Recorded data:
· · · · ·
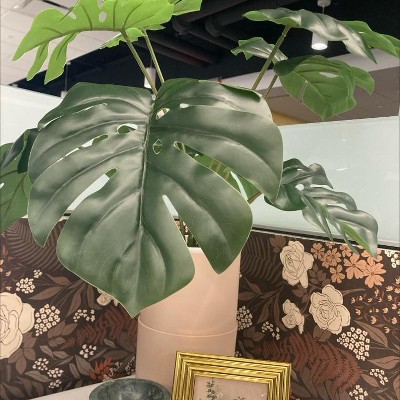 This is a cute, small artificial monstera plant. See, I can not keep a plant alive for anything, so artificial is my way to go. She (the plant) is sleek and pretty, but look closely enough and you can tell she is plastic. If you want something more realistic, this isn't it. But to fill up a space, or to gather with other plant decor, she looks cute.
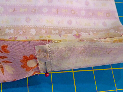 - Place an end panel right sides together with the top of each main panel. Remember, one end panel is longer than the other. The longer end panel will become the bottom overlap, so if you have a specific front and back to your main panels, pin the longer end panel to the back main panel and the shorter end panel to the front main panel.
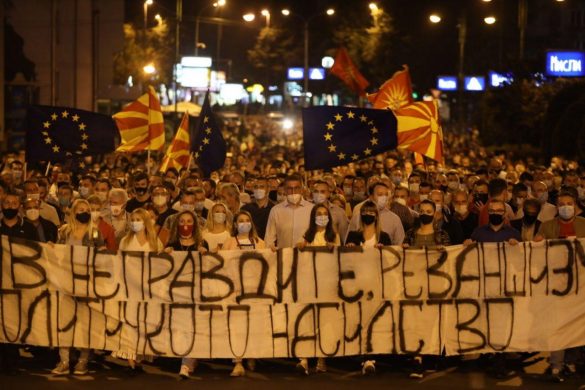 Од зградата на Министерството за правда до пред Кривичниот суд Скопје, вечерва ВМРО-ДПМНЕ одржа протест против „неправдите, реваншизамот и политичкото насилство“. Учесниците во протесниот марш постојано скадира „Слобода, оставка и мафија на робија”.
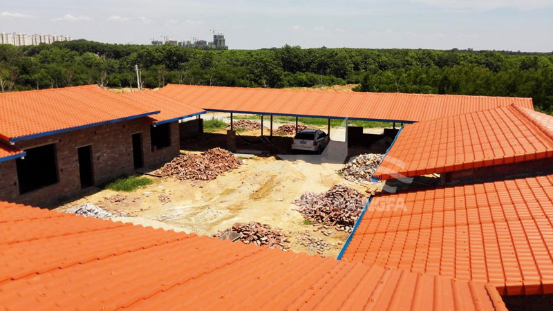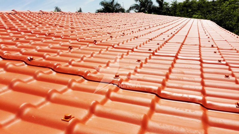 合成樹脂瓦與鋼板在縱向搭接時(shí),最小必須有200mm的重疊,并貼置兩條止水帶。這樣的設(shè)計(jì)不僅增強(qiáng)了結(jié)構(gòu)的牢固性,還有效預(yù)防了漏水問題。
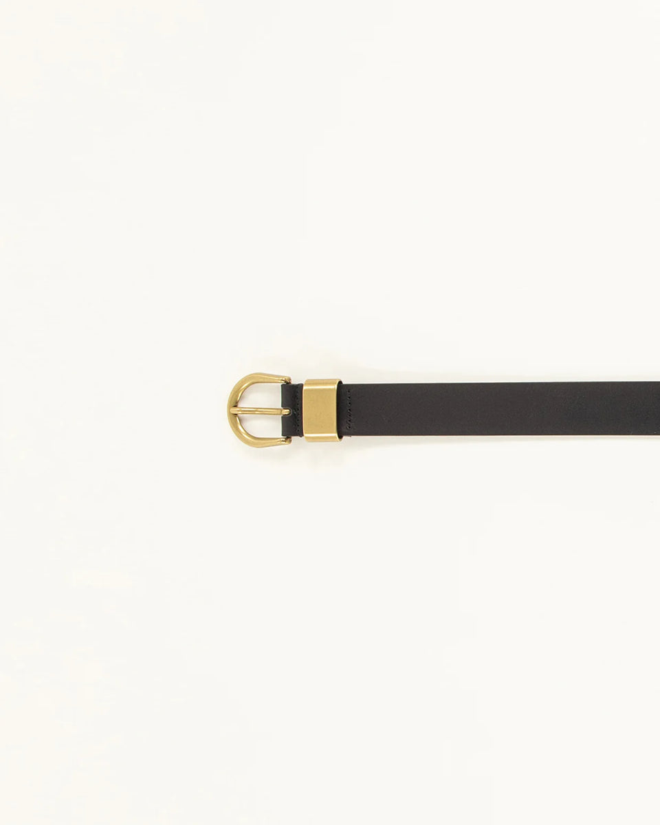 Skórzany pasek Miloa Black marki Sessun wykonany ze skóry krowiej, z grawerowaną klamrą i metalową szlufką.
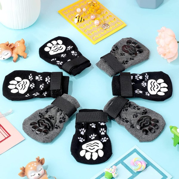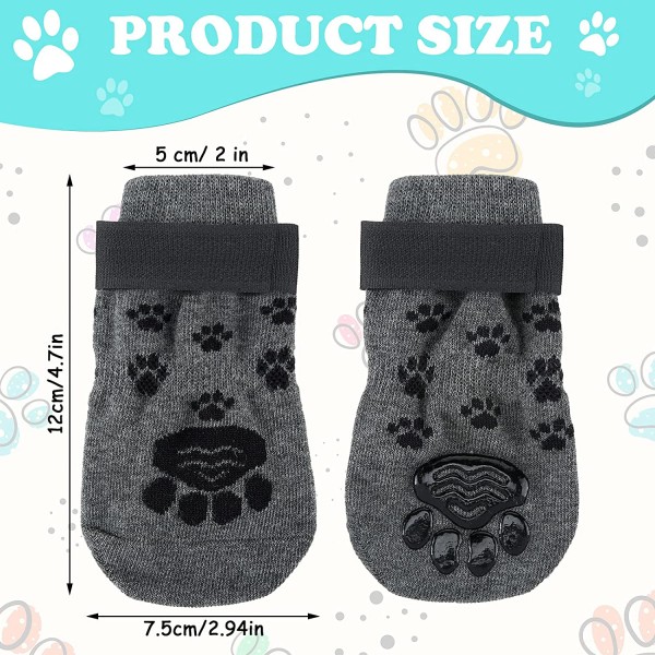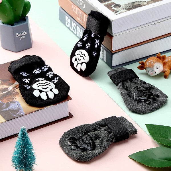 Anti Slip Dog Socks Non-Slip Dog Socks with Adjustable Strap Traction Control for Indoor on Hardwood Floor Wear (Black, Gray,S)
· · · · ·
**Work order**
Would you restate word for word only the lines from the line with "合成樹脂瓦與鋼板在縱向搭接時" to the last line above, with the pictures left out?

**Worked solution**
 合成樹脂瓦與鋼板在縱向搭接時(shí),最小必須有200mm的重疊,并貼置兩條止水帶。這樣的設(shè)計(jì)不僅增強(qiáng)了結(jié)構(gòu)的牢固性,還有效預(yù)防了漏水問題。
 Skórzany pasek Miloa Black marki Sessun wykonany ze skóry krowiej, z grawerowaną klamrą i metalową szlufką.
 Anti Slip Dog Socks Non-Slip Dog Socks with Adjustable Strap Traction Control for Indoor on Hardwood Floor Wear (Black, Gray,S)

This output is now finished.